My dad was never this way, we were a loving family consisting of me, my mum and my dad, it was a perfect little world but it came crashing down after the death of my mum. It was as if the only only hope and light in my world was snatched forcefully away by death. My dad and I mourned for days comforting ourselves until one day, he got so drunk and lost it then he hit me.
My dad hit me. As time passed, it became more and more constant, more bruises and he blamed me for her death, threatened to kill me if I ever let anyone know what he does to me. Ever since then, the blames never ceased, the beatings never stopped. I slowly lost my friends, I would receive double the rounds of beating if he discovered that I tried to make any or anyone talked to me. I slowly lost my confidence and became the target of bullies. I couldn't fight back because of fear. We moved from one town to the other every three months cause he feared that the adoption center might take away his punching bag; thats me.
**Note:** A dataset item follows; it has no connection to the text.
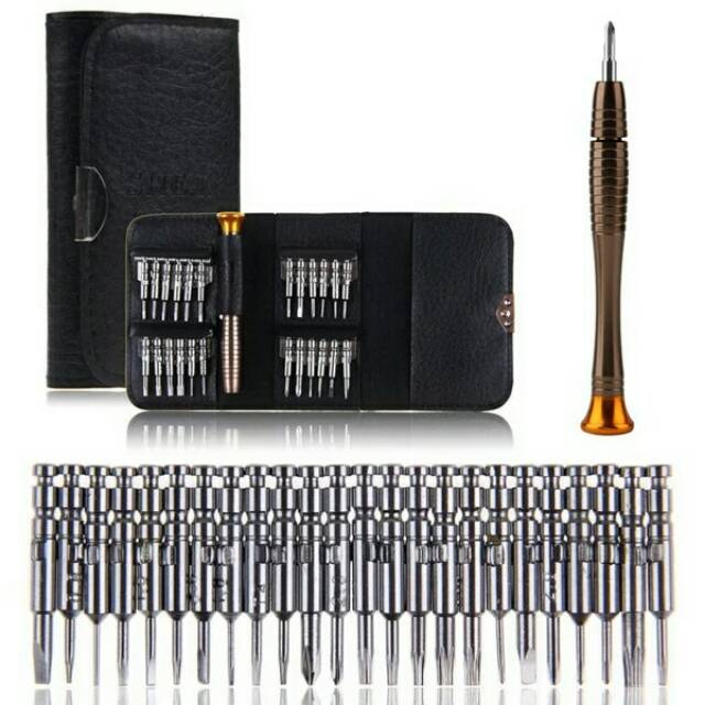 Obeng set berkualitas terdiri dari 25 jenis mata obeng seperti torx, philips, minus, penta, y, dll. Semua kebutuhan obeng Anda tersedia dalam satu paket ini. Sangat berguna terutama untuk Anda para teknisi handphone maupun user yang suka mengoprek smartphone / iPhone.Produk ini berbahan stainless sehingga tidak mudah berkarat dan juga sangat kuat digunakan dalam jangka waktu lama.Semua obeng dan gagang disimpan dalam tas kulit yang kecil sehingga udah untuk dibawa berpergian dan juga berguna untuk melindungi obeng dari debu dan karat.Isi paket ;Screwdriver HandleFive-star screw driver: 0.8 1.2Trox screw driver:T2 T3 T4 T5 T6 T7 T8 T9 T10 T15Y screw driver: 2.0Cross screw driver:1.0 1.2 2.0 3.0Flat screw driver: 1.0 1.5 2.0 3.0Point screw driver:0.8#obengset #obengiphone #obengandroid #obengmurah #repairtool #repairtoolkit #alatservis #openingtoolskit #opening

New environment, new people, new school, new teachers, new bullies, all of it, I hated them. It was disgusting and infuriating cause I was too weak to stop all this, I had lost the right to voice out my thoughts and opinions and everyone is so selfish. No one cared, all the thought about was themselves, pathetic bastards everyone in this world is a selfish pathetic bastard who just want to use you for their own gain. At least I wasn't sexually abused, fortunately my father respected me in that aspect. I still had the dignity of being a being a virgin.....not a slut.